# Our Dog Has Dog Poo Snails?



## Ashleys (Jun 3, 2008)

We've recently noticed small snail like (no shell, but has stalky eyes) critters in our dogs poo. They're white with a dark back and about 2cm long. I know snails and slugs can feed on dog poo, but we're pretty sure these came out of the dog as it was in a fresh (sloppy..) batch.

We've recently bought another dog that we got from a rescue place on a farm, and he had a bad stomach when he got to us (initially we thought it was just nerves or change of diet, but now we're not so sure).

Any ideas?


----------



## Guest (Jul 8, 2008)

Ashleys said:


> We've recently noticed small snail like (no shell, but has stalky eyes) critters in our dogs poo. They're white with a dark back and about 2cm long. I know snails and slugs can feed on dog poo, but we're pretty sure these came out of the dog as it was in a fresh (sloppy..) batch.
> 
> We've recently bought another dog that we got from a rescue place on a farm, and he had a bad stomach when he got to us (initially we thought it was just nerves or change of diet, but now we're not so sure).
> 
> Any ideas?


Sorry, I can't be much help - I've not heard of anything like this.  Whatever they are, it sounds horrid! I would be taking the dog to the vet if it were me, along with a sample of the critter, carefully gathered into a plastic bag without touching it or the poo!!


----------



## tyson (Jun 25, 2008)

Hi, i have had ty for abt 7wks, he had constant runs, we rescued him. I contacted the rescue centre, as when i read his notes, this had been going on since april, the agreed to pay for poo test to be done, he has bacteria in his tum and is on medication, my advice would be get in touch with them, they are there to help, and they may suggest you take the dog to a vet they use.

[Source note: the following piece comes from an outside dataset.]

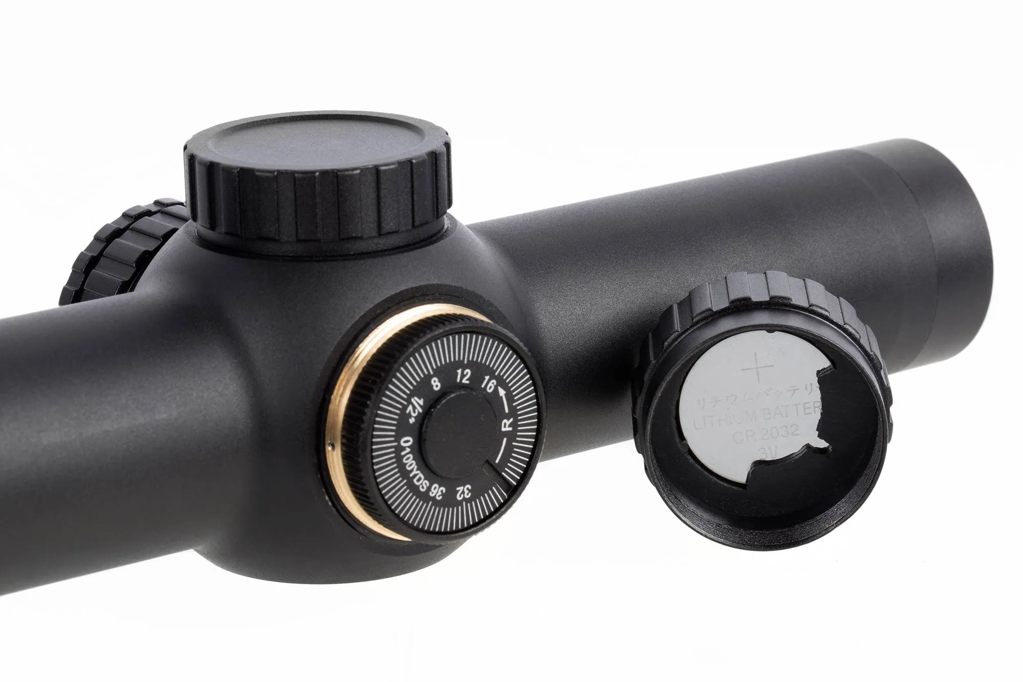 The brightness knob on the left side of the tube illuminates the center reticle through 12 brightness settings using the included CR2032 battery. This tough scope is waterproof, fog resistant, and covered by the Primary Arms Lifetime Warranty.

They told me it was the stress of being in kennels, so even though they do a really good job, sometimes they can be wrong.


----------



## Guest (Jul 8, 2008)

I really wish I never read this thread it has made me heave 

Sorry not much help but I sincerely hope you get it sorted soon..


----------



## cav (May 23, 2008)

OMG i have never heard of this i would contact the vet?


----------



## clueless (May 26, 2008)

Yuck My curry nearly departed me there







Hope you can find out what they are


----------



## paws (Jun 16, 2008)

clueless said:


> Yuck My curry nearly departed me there
> 
> 
> 
> ...


pmsl
hope you find out what they are to


----------



## gillieworm (Jul 4, 2008)

Does sound very odd and discusting 

If it was one of my 2 I would be straight down the vets with them and an offending sample for investigation. After all better to be safe than sorry. Also I may be wrong, but your post sounds like you have more than 1 dog, best to get checked out in case it gets passed round, after all we all know what discusting things our faithful friends can put in their mouths


----------



## Guest (Jul 9, 2008)

gillieworm said:


> after all we all know what discusting things our faithful friends can put in their mouths


Lol, indeed!  

As everyone else has said, I'd get him to the vets with a sample to get it checked out.

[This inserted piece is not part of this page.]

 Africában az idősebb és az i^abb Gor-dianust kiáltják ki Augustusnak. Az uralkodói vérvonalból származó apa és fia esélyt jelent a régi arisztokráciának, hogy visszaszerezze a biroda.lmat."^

If I had found that in my dogs poop, I would be pretty freaked out!


----------



## raindog (Jul 1, 2008)

Do they look like this?










This is an intestinal fluke and, interestingly, they are often carried by snails and are passed on when the dog munches a snail in the garden. The vet can treat the infestation.

Mick


----------



## gillieworm (Jul 4, 2008)

raindog said:


> Do they look like this?
> 
> 
> 
> ...


Are these the same size as slugs? Is that picture to scale.

This subject is still making me really queezy.


----------



## Guest (Jul 9, 2008)

gillieworm said:


> Are these the same size as slugs? Is that picture to scale.
> 
> This subject is still making me really queezy.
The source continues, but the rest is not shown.